8. Contrast the nature and effects of exotoxins
Found Mostly in Gram + species: Clostridium, Corynebacterium, Vibrio, Staphylococcus, Streptococcus, Escherichia, Shigella. They Can be classified as neurotoxins, enterotoxins, or cytotoxins
Most are also in one of the following three categories:
2. Membrane-disrupting toxins
Ex. Leukocidins, hemolysins
3. A-B toxins
Contrast the nature and effects of endotoxins
From Gram - organisms. Part of the outer membrane of the cell wall. Lipid A - a portion of the LPS. Are lipopoly-saccharides. Cause chills, fever, weakness, aches, shock, and death
9. Compare and contrast neurotoxins, enterotoxins, and cytotoxins.
Neurotoxins (A-B) is an exotoxin that interferes with normal nerve impulse conduction. Enterotoxins (A-B and superantigen) is an exotoxin that causes gastroenteritis, such as those produced by Staphylococcus, Vibrio, and Escherichia. Cytotoxins is a bacterial toxin that kills host cells or alters their functions.
Membrane-disrupting toxins or type II toxins. Can Lyse host's cells by: Making protein channels in the plasma membrane. Disrupting the phospholipid bilayer. If they lyse red blood cells they are given the special name of hemolysins.
Consists of 2-parts: 1) A subunit - active
Usually an enzyme - responsible for the toxic effects to cells. 2) B subunit - binds to the specific receptors on the cell. Is responsible for the type of cells that the toxin can bind to and affect.
Type I toxins: They Disrupt T-cell normal function, cause an intense immune response due to massive release of cytokines from host cells. Can cause Fever, nausea, vomiting, diarrhea, shock, organ failure, death.
Type II toxins: Can Lyse host's cells by: Making protein channels in the plasma membrane. Disrupting the phospholipid bilayer. They are cytotoxins. If they lyse red blood cells they are given the special name of hemolysins.
11. Using examples, describe the role of plasmids and lysogeny in pathogenicity.
Plasmids may carry genes for antibiotic resistant, toxins, capsules, and fimbriae. Lysogenic conversion can result in bacteria with virulence factors, such as toxins or capsules. Ex: Tetanus Neurotoxin or tooth decay.

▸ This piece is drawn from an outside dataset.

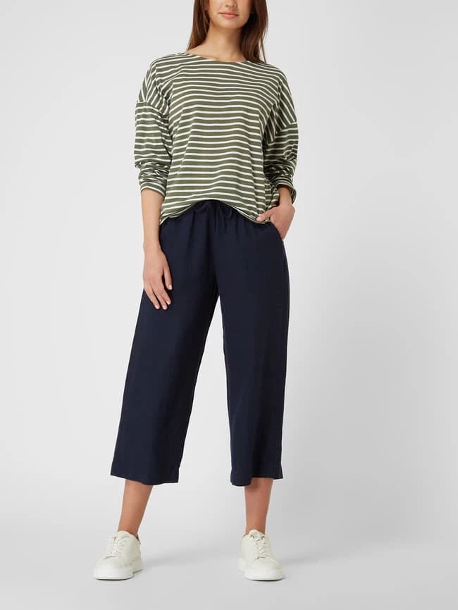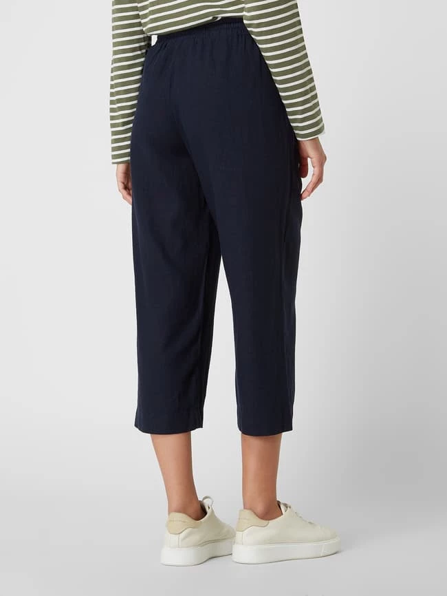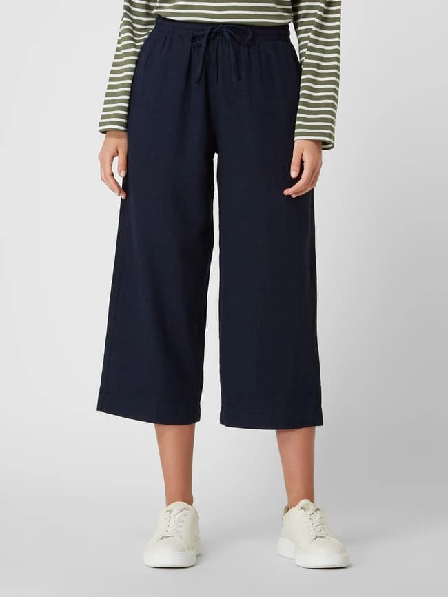 Die Hose von FREE/QUENT ist aus einem Flachs-Baumwoll-Mix gefertigt und weit geschnitten. Sie kommt in 7/8-Länge mit französischen Eingrifftaschen und elastischem Bund mit Tunnelzug.

12. Describe the pathogenesis of viruses
Cause Cell death of host cells - lysis, and induced apoptosis. Induce Inclusion bodies in nucleus or cytoplasm. Cell fusion - creating a syncytium (or giant cell)- avoiding antibodies. Transformation - cause genetic changes - cancer causing genes (oncogenes) may be activated. Inhibit apotosis.
Give examples of cytopathic effects
Cytopathic effects - are visible effects of viral infection. We can see effects with a normal light microscope! Ex: Inclusion body in tissue from a person who died of rabies. Syncytium (giant cell) formed in a cell infected with measles virus. A mass
13. Give an example mechanism of pathogenicity of a eukaryotic microorganism.
Parasites: Mechanisms- bind to host cells specifically, invade the cell, or taken up by cell. Inside the cell, they are more protected from the host's immune system. After viral replication, lyses cell and infects other neighboring cells or disseminates into blood or lymph systems.